Thursday, October 7, 2010

This new house

We did not become a family in the house that we live in. The home we brought each of our babies to was a single wide mobile home. It was nice, only a few years old and the biggest that you can get. We spent a lot of time re-arranging after every birthday or Christmas when the kids got new clothes or more toys. Our third baby had to share our bedroom until she was done breastfeeding, then she shared a room with her big sister. A room in a trailer with a twin size bed and a crib in it. We literally had to take the door off the closet because there was not enough room to open it. You could hear what was going on in the kitchen from the master bathroom and they were at different ends of the house. Yet, somehow, it was the best home we have shared as a family. The house we live in now is three times the size as that trailer. The kids each have their own bedrooms, which are the size of the living room in our old house. My kids often remember times in our "old house." It sometimes seems that we were happier when we were crammed into a small space together. Maybe it was just easier then. The kids were younger and that was the only life they had known. Sometimes when I think about going home I think of the old house. We have only lived in the "new house" for two years. I guess it just takes longer than that to fill it up with happiness and good times. Maybe it's like a balloon and I need to push a lot of laughter and smiles through at the beginning, and before we know it, our happiness will be expanding without much effort.

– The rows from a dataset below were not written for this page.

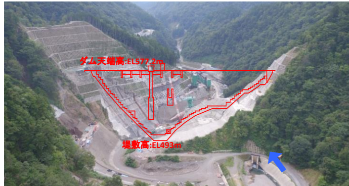
① ダムサイト状況(上流上空より望む)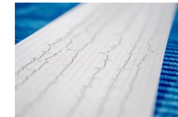
الجهاز سيتمكن من إجراء تحليل أولي للبيانات

بالإضافة إلى تقييم ديناميكية حالة المريض بعد عدة اختبارات، مما سيسمح إذا لزم الأمر، بالوصف والتعديل في الوقت المناسب.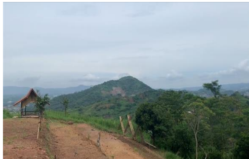
Gambar 5. Suasana di area Bumi Perkemahan (dokumentasi pribadi)

menjadi semacam undakan dengan batasan bambu dan pegangan bambu untuk memudahkan pendakian. Di area bumi perkemahan ini juga menjadi tempat penanaman pohon baru.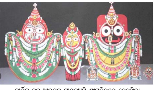
କାର୍ତ୍ତିକ ବ୍ରତ ଆରମ୍ଭରୁ ମାସବ୍ୟାପି ଶ୍ରୀମନ୍ଦିରରେ ହେଉଥିବା ମହାପ୍ରଭୁଙ୍କ ଦାମୋଦର (ଶ୍ରୀବିଷ୍ଣୁ) ବେଶ

ଚଳିତ ବର୍ଷ ପଞ୍ଚକ ୪ ଦିନ ପଡୁଥିବାରୁ ଚତୁର୍ଦ୍ଦଶୀ ଦିନର ଲକ୍ଷ୍ମୀ ନୃସିଂହ ବେଶ ହେବନାହିଁ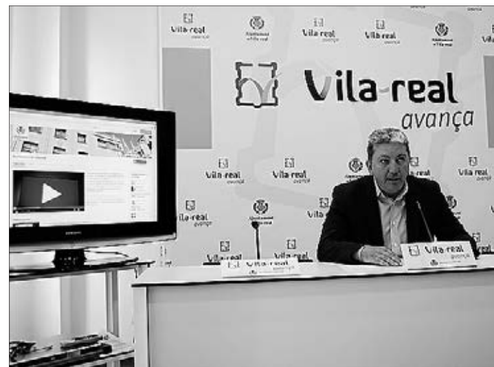
El regidor de Modernització ha presentat aquest nou servei.

han suposat el pas dels 15 indicadors de transparència que es complien el 2011 (17,5%) als 28 actuals (31,87%), ja siga amb caràcter total o parcial, del total de 80 indicadors ITA de transparència reconeguts en l'àmbit internacional. Aquestes xifres suposen un increment de 14,37 punts, dada que reflecteix "un increment substancial", afirma el primer edil. En aquest sentit, les conclusions de l'estudi de transparència recomanen l'elaboració d'un pla de transparència per fases, amb l'objectiu de seguir implementant millores que permeten arribar a un 50% del total d'indicadors. Per a això, l'informe inclou una bateria de propostes com la incorporació al portal web d'un apartat específic de transparència, la formació en aquesta matèria del personal municipal i responsables polítics o l'elaboració d'un codi de bon govern. ≡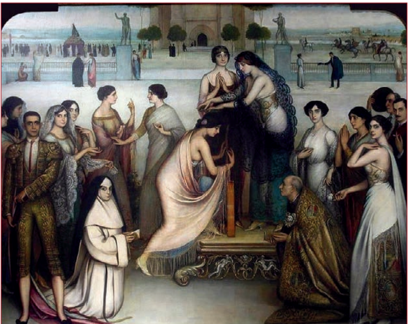
La consagración de la copla, 1912, Julio Romero de Torres

En la primera década del siglo se instala en Madrid, donde interactúa con otros pintores y escritores en una etapa de creatividad extraordinaria, en la que los nuevos estilos: modernismo y simbolismo empiezan a mostrarse en las obras. Forma parte de las tertulias del café Nuevo Levante, liderada por Ramón del Valle-Inclán, o las del café Pombo, presidida por Gómez de la Serna.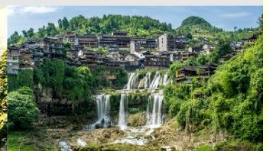
หมู่บ้านโบราณผู่หลงเจิ้น

*ทางบริษัทฯ ขอสงวนสิทธิ์ในการสลับโปรแกรมทัวร์ตามความเหมาะสมขึ้นอยู่กับสถานการณ์หน้างาน โดยคำนึงถึงผลประโยชน์ของลูกค้าเป็นสำคัญ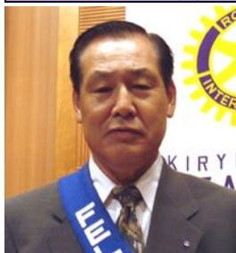
家住慧路君 (住宅建設)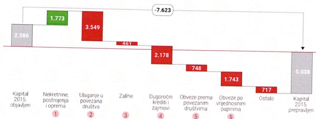
Slika 4 : Promjene kapitala kompanije Konzum d.d. na temelju rezultata revizije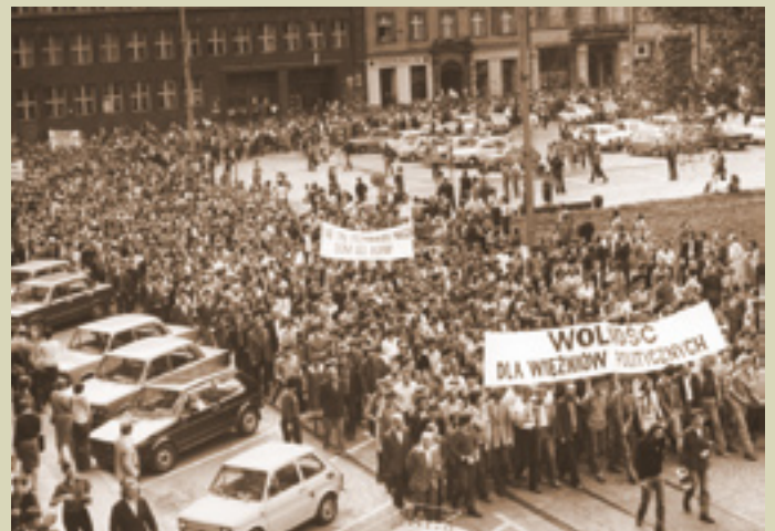
Wrocławski Rynek – manifestacja w maju 1981 r.

Godziny otwarcia: wtorek – piątek: 10:00 – 17:00 sobota – niedziela: 10:00 – 16:00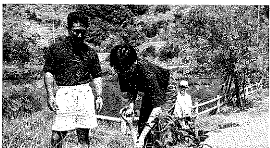
ぶらぶらラリー優勝ペアによる記念植樹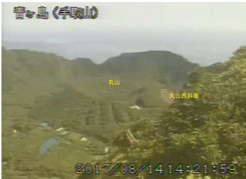
図 1 青ヶ島 丸山西斜面の状況 (8月14日 手取山監視カメラによる)

1) GNSS (Global Navigation Satellite Systems) とは、GPS をはじめとする衛星測位システム全般を示す呼称です。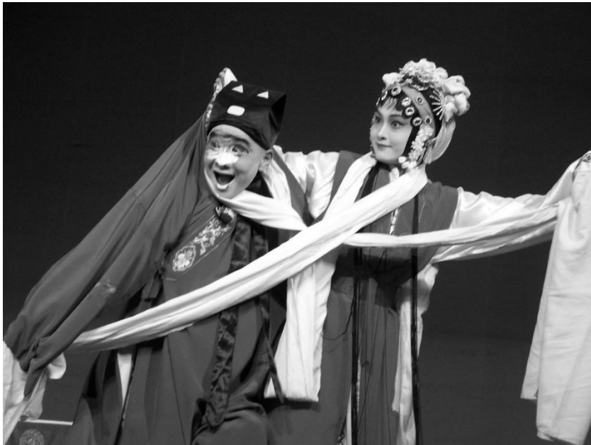
Figure 7 : Les apprentis comédiens de la troupe junior de Kunqu jouant « Sanlang saisi vivant ». Troisième festival de théâtre Kunqu, juillet 2006, Suzhou.

Wednesday, October 6, 2010

Why fivesocks?

So, I have wanted to start a blog for a while. I have lots of opinions, and my three young children are not a very captive audience, so here I am. I chose fivesocks as my blog title because at the end of folding laundry, we always have socks that have no mates. And, since we are a family of five, we have 5 socks without mates. Socks are a big issue in my life. My two older kids are playing soccer this year. I was desperate to give my 5 year old son the "team" atmosphere. He can be a difficult child, and the best little boy ever just 3 minutes later. Anyway, we were talking about socks. I have four diffirent brands of socks in his drawer because he is "one of those kids." He has a fit when he gets his socks on. They have bumps according to him, or they just aren't right. With the warm summer months a thing of the past (taking with them sandle and Croc wearing weather), we are again struggling with socks. We were doing well-even with the shin guards-until the soccer socks. Now, not being an official soccer mom (I refuse to own a minivan), I never even knew these things existed. Now I know they exist just to torture the mothers of kids with clothing issues. My son had a full-blown fit over these socks. I'm talking screaming and kicking his grandfather, throwing his body onto the ground, flinging his shoes in the air. So, hooray for me-I carried him onto the soccer field and stood there until he joined his team. (mom 1, socks 0) Sometime later that week, I did what any mother would do. I took a $7 pair of brand-new Adidas Soccer socks and cut the feet off of them . Problem solved. At least for soccer.